BTW I agree with the responder who says quit from those environments ASAP. I don't know how engineers can overcome a dysfunctional business lead like that... and that kind of business lead is often an expert at making sure the repercussions land on someone else. Case in point, by asking you to finish faster he is tacitly asking you to skip capabilities or safety checks... and that way you're responsible for the fallout.


It’s different because it can remove a bias out of estimations.


But eventually everyone knows that your gold stars stand for weeks. So how does this help?


Because you can keep tracking how long things actually take. And then divide by the gold stars, to see how much time you actually need for a golf star.

And that number might change over time and that’s okay, and you can keep tracking it.

It’s a bit of a mind trick.

Instead of thinking: “How long will this ticket take?” you think: “Is this rather as complex as the 3 star tickets I did in the past, or is it as complex as the 5 star tickets? “

You estimate in terms of other tickets, not in terms of time.

It helps to remove bias.


The only quasi-interesting property this has is that it can change over time.

Nothing you said changes the main problem: gold stars are weeks and we all know it. Next year they are two weeks, fine.


No, they are not weeks, and the minute "we all know it" you are fucked.

Engineers are not concerned with time. They are concerned with feature completeness and quality. They do not care how long a task takes, only that it is done Right. When the PM asks how hard it is, that's their only consideration.

The PM only cares about time to make accurate predictions for the rest of the business. A given task takes as long as it takes to be done Right. If the business wants it on a different timeline, the business has to redefine the task, or redefine Right (ie skipping tests or doco).

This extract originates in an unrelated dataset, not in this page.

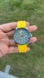 Stylish Citizen watch with a vibrant yellow strap. Features a detailed gray dial and chronograph function.
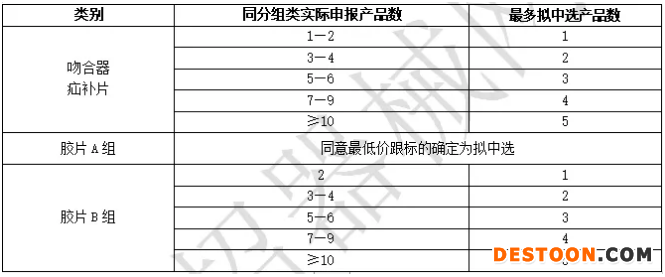 同分組產(chǎn)品根據(jù)的實際申報產(chǎn)品數(shù)量,確定擬中選產(chǎn)品數(shù)量,吻合器和補片同組產(chǎn)品最多中選5個,膠片B組最多中選5個,而膠片A組沒有限制最多中選產(chǎn)品數(shù),只要其他企業(yè)同意最低價跟標(biāo),都可確定為擬中選企業(yè)。

Research bears it out: human brains suck at estimating time, and are much better as soon as you talk in terms of effort.

BUT if you want to insist on brute forcing through our cognitive biases, I have good news: you can do almost as well by tracking the relationship between "developer time" and "real time". You're still dealing in abstracted units, of course, but you can still pretend you aren't, which is the important thing.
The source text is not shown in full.